_About this task:_
Find the line below with "- Outside: 459(W)" and the line with "1978 Pontiac Firebird". Output them and the lines between, exactly, but not the pictures.

_Provided material:_
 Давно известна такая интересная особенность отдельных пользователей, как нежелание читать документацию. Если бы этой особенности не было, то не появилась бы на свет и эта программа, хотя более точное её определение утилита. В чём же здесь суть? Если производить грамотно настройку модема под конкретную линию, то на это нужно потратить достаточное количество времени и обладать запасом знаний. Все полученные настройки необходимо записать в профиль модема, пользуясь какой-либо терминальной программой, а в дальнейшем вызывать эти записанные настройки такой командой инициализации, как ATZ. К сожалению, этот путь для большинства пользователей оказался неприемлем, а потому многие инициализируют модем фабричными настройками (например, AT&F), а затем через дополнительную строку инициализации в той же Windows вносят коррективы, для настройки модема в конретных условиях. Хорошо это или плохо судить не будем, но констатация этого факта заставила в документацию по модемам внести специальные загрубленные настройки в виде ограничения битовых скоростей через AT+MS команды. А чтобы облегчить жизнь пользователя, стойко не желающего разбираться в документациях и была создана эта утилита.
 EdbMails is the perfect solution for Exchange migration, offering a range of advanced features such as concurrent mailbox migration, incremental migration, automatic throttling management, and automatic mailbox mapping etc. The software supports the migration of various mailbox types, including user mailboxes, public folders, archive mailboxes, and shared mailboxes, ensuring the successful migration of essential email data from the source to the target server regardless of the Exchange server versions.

...

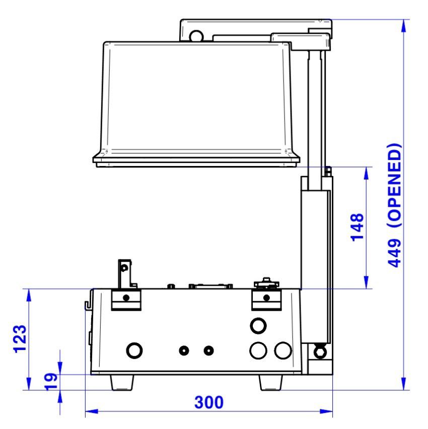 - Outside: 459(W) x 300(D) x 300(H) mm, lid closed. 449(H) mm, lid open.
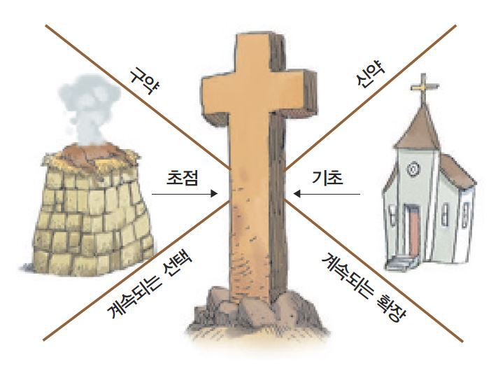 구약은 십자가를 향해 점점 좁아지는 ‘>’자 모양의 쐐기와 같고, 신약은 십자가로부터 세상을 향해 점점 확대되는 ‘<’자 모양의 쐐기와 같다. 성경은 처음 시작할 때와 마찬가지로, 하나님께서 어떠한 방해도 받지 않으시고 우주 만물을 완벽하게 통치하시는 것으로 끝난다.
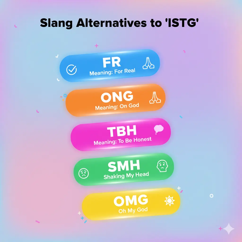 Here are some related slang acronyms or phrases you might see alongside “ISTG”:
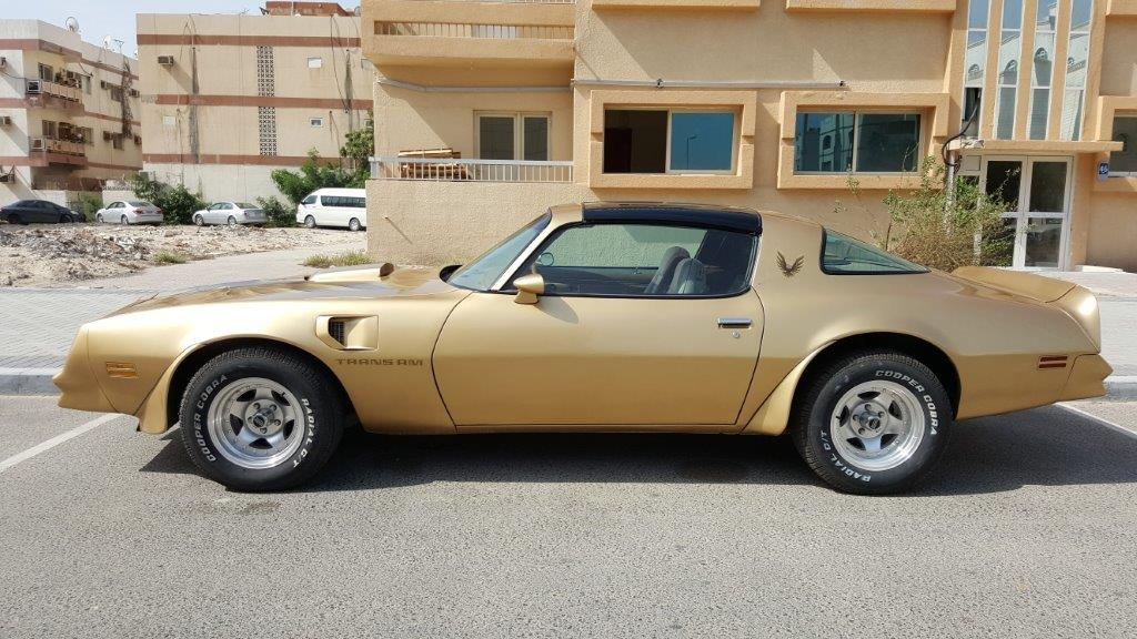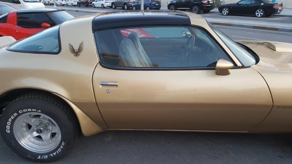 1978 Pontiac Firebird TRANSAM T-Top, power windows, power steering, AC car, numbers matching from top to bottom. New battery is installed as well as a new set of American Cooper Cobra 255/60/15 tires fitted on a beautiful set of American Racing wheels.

_Response for this exercise:_
 - Outside: 459(W) x 300(D) x 300(H) mm, lid closed. 449(H) mm, lid open.
 구약은 십자가를 향해 점점 좁아지는 ‘>’자 모양의 쐐기와 같고, 신약은 십자가로부터 세상을 향해 점점 확대되는 ‘<’자 모양의 쐐기와 같다. 성경은 처음 시작할 때와 마찬가지로, 하나님께서 어떠한 방해도 받지 않으시고 우주 만물을 완벽하게 통치하시는 것으로 끝난다.
 Here are some related slang acronyms or phrases you might see alongside “ISTG”:
 1978 Pontiac Firebird TRANSAM T-Top, power windows, power steering, AC car, numbers matching from top to bottom. New battery is installed as well as a new set of American Cooper Cobra 255/60/15 tires fitted on a beautiful set of American Racing wheels.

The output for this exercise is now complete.